You & Your Family ¢ Benny Bong has been a family and marital therapist for more than 30 years, and is a certified work-life consultant. He was the first recipient of the AWARE Hero Award, received in 2011, and is a member of Kampong Kapor Methodist Church.
Values: Aspirational and inspirational
C
onversation about values has featured prominently in my sessions with a couple I have been counselling for almost two years. They came in to try to repair their marriage after the husband’s infidelity—for the second time. Six years earlier, he had cheated on his wife but was given a second chance. The husband is again asking for another chance, but things are at an impasse. The wife is less hopeful, wondering if things would turn out better this time. She is asking questions like “Is he sincere about changing? Has he learnt his lesson? Is the marriage and family more important to him than his philandering ways?” Meanwhile, he has shown that he is willing to change by getting more involved with the children and being more transparent about his work and relationships. But the questions linger—she wonders if a leopard can change its spots. This is where the topic of values comes in. The wife feels that the man she married has changed. From a simple, hardworking man, he has become sophisticated, smoothtalking, a worldly “man about town”. She wonders how much of the person she knew before remains and how much she can trust the new person her husband has morphed into. All of us do change to some degree over time. As we are exposed to new information, experiences and people, some influences do get assimilated, whether consciously or not. Some changes may be positive and represent an improvement, both personally and interpersonally. Other changes are questionable. Some changes are superficial, e.g. in how we choose to look or behave, while others are more in-depth, altering our values and outlook on life. While counselling the couple, I try to help the husband articulate what his current values are. This, we hope, will help his wife understand how much he has changed and
whether she finds the changes agreeable and helpful to their marriage. But values, though important, may not be easy to identify and articulate. With my client, we struggled to arrive at words like “caring”, “commitment to the marriage”, “honesty”, and “sacrifice”. We may struggle also because, like in this husband’s experience, he has not lived by them. He worries about sounding like a hypocrite in saying he values honesty but was dishonest with his wife about his relationships with some women.
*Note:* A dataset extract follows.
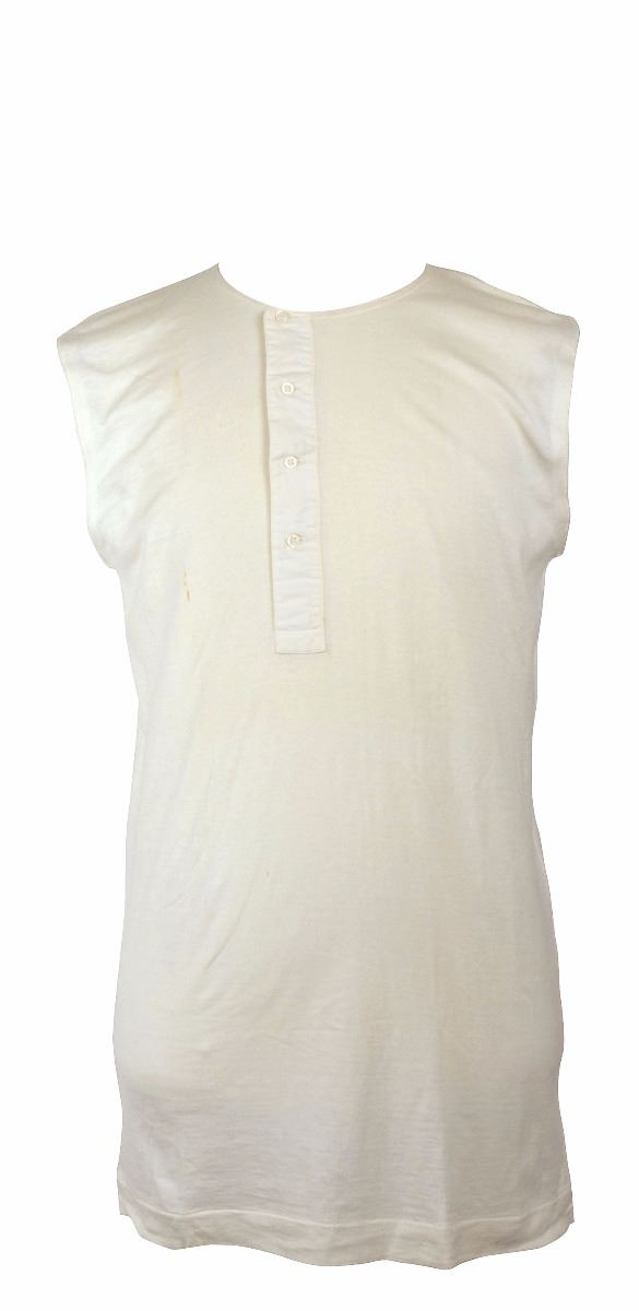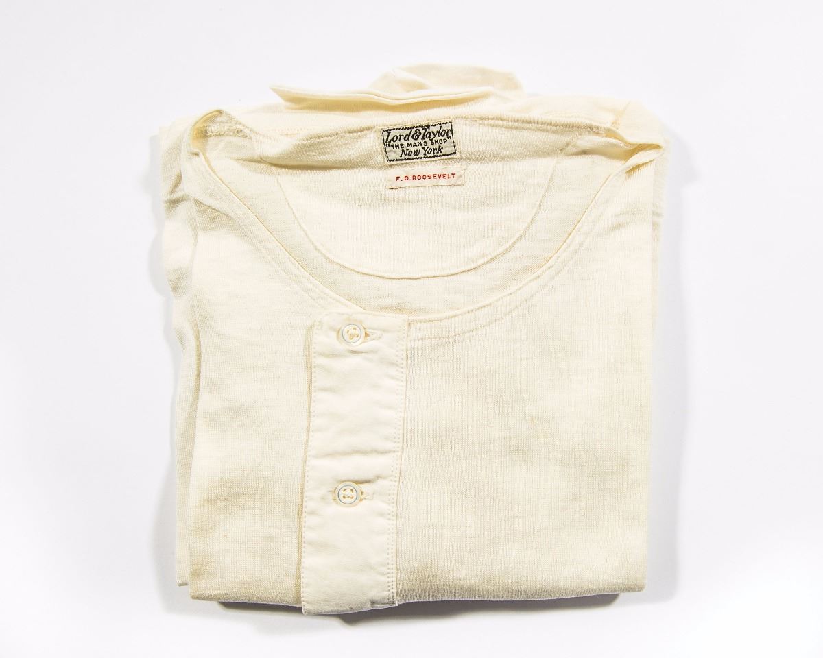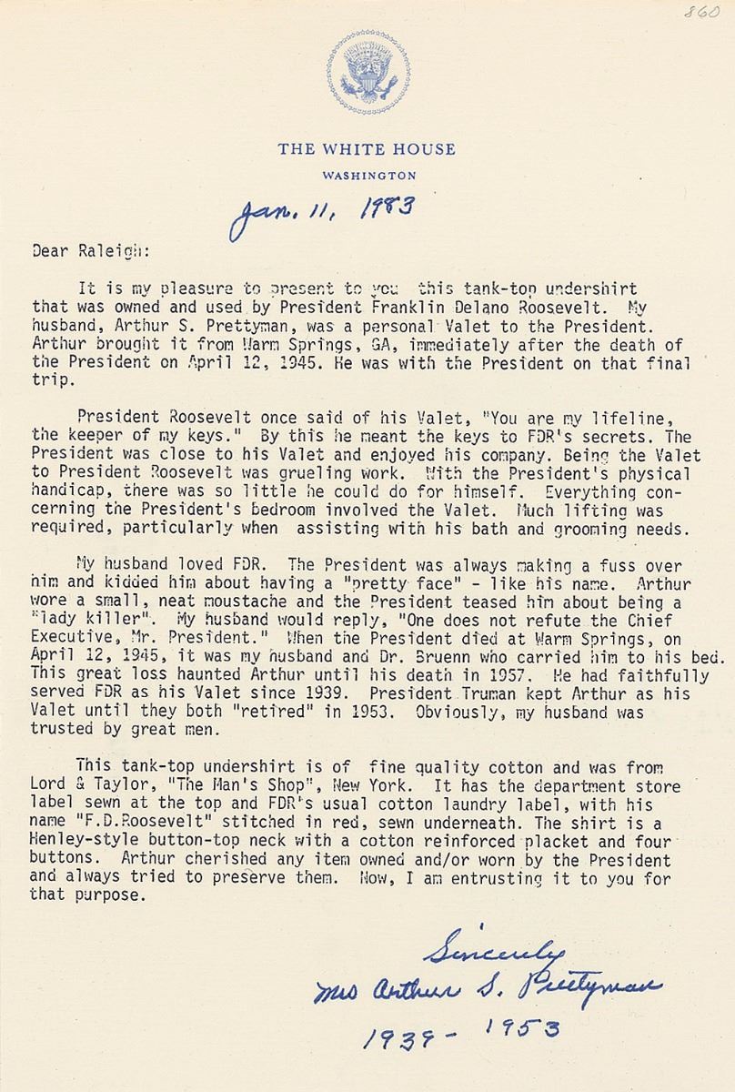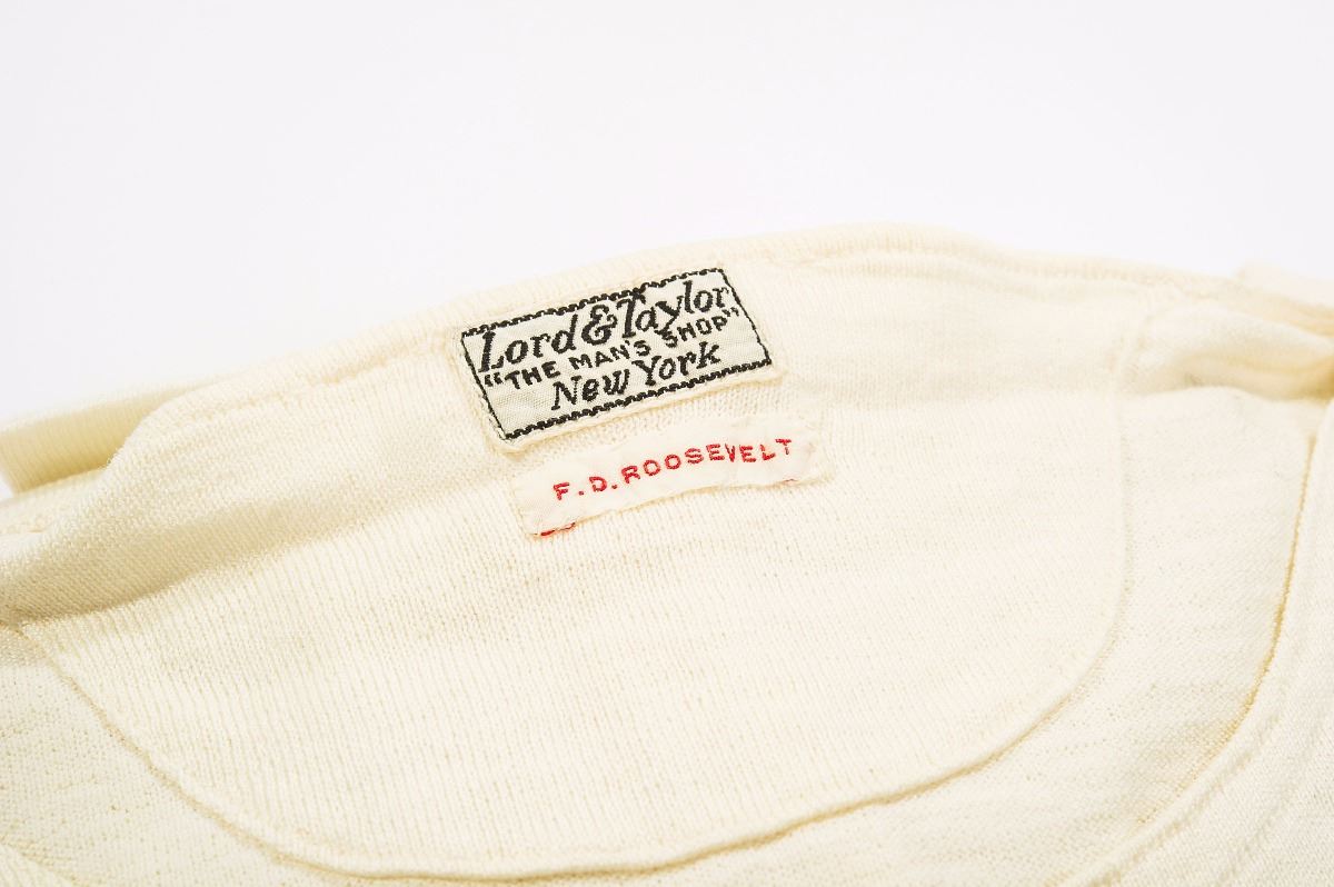 President Roosevelt's personally-owned and -worn off-white cotton tank-top undershirt made by Lord & Taylor, the well-known upscale store in New York and Washington, DC. The manufacturer's tag is sewn into the collar area, below which is a small white tag embroidered in red with the president's name, "F. D. Roosevelt." Includes a detailed letter of provenance on White House letterhead from the wife of Arthur S. Prettyman, who had served as Roosevelt's valet from 1939 until his death in 1945, and continued to work for President Truman until he left office, in 1953. In part: "It is my pleasure to present to you this tank-top undershirt that was owned and used by President Franklin Delano Roosevelt. My husband, Arthur S. Prettyman, was a personal Valet to the President. Arthur brought it from Warm Springs, GA, immediately after the death of the President on April 12, 1945. He was with the President on that final trip…This tank-top undershirt is of fine quality cotton and was from Lord & Taylor, 'The Man's Shop,' New York. It has the department store label sewn at the top and FDR's usual cotton laundry label…The shirt is a Henley-style button-top neck with a cotton reinforced placket and four buttons. Arthur cherished any item owned and/or worn by the President and always tried to preserve them." A poignant, personally-worn item from Roosevelt's final days. From the Raleigh DeGeer Amyx Collection.

But not living true to these values does not mean they are unimportant to him. The identification of values is aspirational and inspirational in nature and effect. They remind us of what is important and when we fall short, what we should strive towards. Conversation about values is not about declaring how perfect we are. Indeed, we should guard against trying to portray ourselves better than we actually are. At one time or another, we all fall short of our own ideals. Moreover, the mere declaration of similar values does not equate to harmony. In a situation where individuals are clearly at odds with each other, a good way is to talk clearly and calmly while listening respectfully to the other. Agreeing to disagree might well be a positive outcome. What values do you hold as important? Is the person you are today different from who you were 10 years ago? Are you pleased or apologetic about the changes? If you are married, are your partner’s and your values aligned? If you are a parent, how are you nurturing the values you want your children to develop and do they see you living a life consistent with these values? Remember, it is not about being perfect but being mindful that our values ultimately shape and inspire us to be better.